The CH4 emission per kg DMI and per kg organic matter intake (OMI) decreased significantly (p<0.05) at 30°C and 35°C exposure however it increased at 40°C exposures. Respiration quotient was significantly (p<0.05) lower at 40°C exposure as compared to 25°C, 30°C, and 35°C (Table 6). In present study CH4 emission decreased progressively with increase in temperature up to 35°C and then increased to initial levels. Barnett et al. (2015) reported a positive correlation of ambient temperature and a negative correlation of triiodothyronine (T3) with CH4 yield. In present experiment T3 level did not alter with increase in temperature hence, no correlation was established between T3 level and CH4 emission in crossbred cattle. In our study the thyroxin level decreased with increase in exposure temperature and similarly CH4 emission decreased above the thermoneutral temperature up to 35°C exposure. Ngwabie et al. (2011) also reported a negative correlation (r = −0.84) with the indoor air temperature and CH4 emissions. The total DMI (Nkrumah et al., 2006) and the forage portion of the diet are reported to influence CH4 emission (Benchaar et al., 2001). In spite of the lower DMI, and higher dietary concentrate to roughage ratio at 40°C exposure higher CH4 production could not be justified. The highest CH4 emission per kg DMI at 40°C exposure may be attributed to a change in rumen microbial population as suggested by Kittelmann et al. (2014). It may be speculated that a change in microbial population and fermentation pattern could result in higher CH4 emission at 40°C exposure however the rumen fermentation pattern was not examined in the present experiment.

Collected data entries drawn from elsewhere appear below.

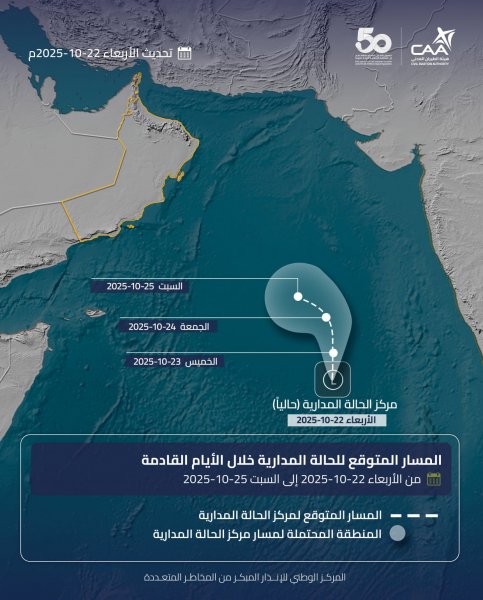 طقس العرب – أصدرت هيئة الطيران المدني في سلطنة عمان تقريرها رقم (2) اليوم الأربعاء 22 أكتوبر 2025م، حول الحالة الجوية في بحر العرب حيث تشير آخر صور الأقمار الاصطناعية وتحليلات المركز الوطني للإنذار المبكر من المخاطر المتعددة إلى تمركز منخفض مداري جنوب بحر العرب على خط طول 68.2° شرقًا ودائرة عرض 8.8° شمالًا، مع تقدير سرعة الرياح حول المركز بين 38 و46 كم/ساعة.
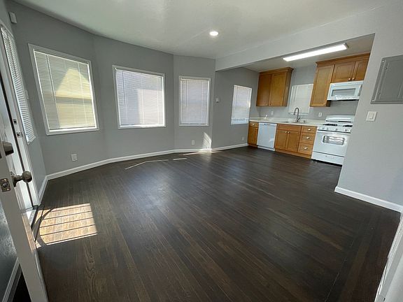Cute completely remodeled 2 bedroom house Open concept kitchen and living room with lots of light Refinished hardwood flooring in living room & kitchen New carpet in bedrooms Remodeled kitchen with all new cabinets, counters & appliances Large closets in both bedrooms All new bathroom Laundry hookups in separate laundry closet Off street parking included - 2 car garage and driveways. Stairs required to access home. Great location - near freeways, downtown, uptown, grocery stores, shopping and more!
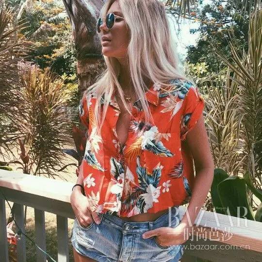 穿着夏威夷衬衫搭配牛仔裤去玩滑板的酷女孩,可真帅呢!
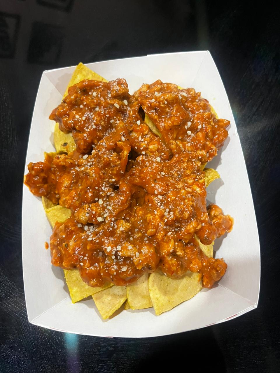 Nachos Flamin', chelados o naturales, bañados con carne a la boloñesa y quesito cheddar.
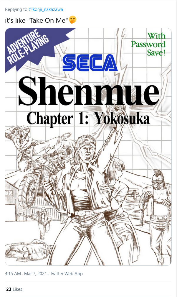 If you’d like to see more of Kohji’s art, Shenmue-related and not (here is a nice Phantasy Star piece as an example), you can find them on Twitter at @kohji_nakazawa.
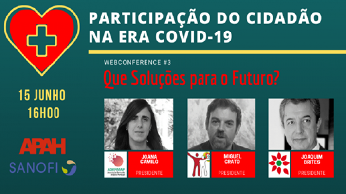 Com a participação de Joana Camilo, Presidente da ADERMAP, Miguel Crato, Presidente da Associação Portuguesa de Hemofilia (APH) e Joaquim Brites, Presidente da Associação Portuguesa de Neuromusculares (APN), a sessão aborda de que forma o Serviço Nacional de Saúde (SNS) pode melhorar na resposta aos seus utentes no Pós-COVID-19.

It can be concluded from the present study that 35°C temperature exposure began to induce heat stress and at 40°C exposure the heat stress was prominent in crossbred cattle as exhibited by physio-biochemical, enzymatic and hormonal changes and, alteration in water intake, DMI, and body weight. The DM, OM, ADF, and NDF digestibility increased at 35°C and the OM and ADF digestibility decreased at 40°C exposure as compared to 35°C. The CH4 emission decreased at 30°C and 35°C exposure but increased at 40°C. It can also be concluded that heat stress influenced the digestibility and CH4 emission; however to explore the alteration in digestibility and CH4 emission at different temperature exposures the changes in microbial population need to thoroughly investigated.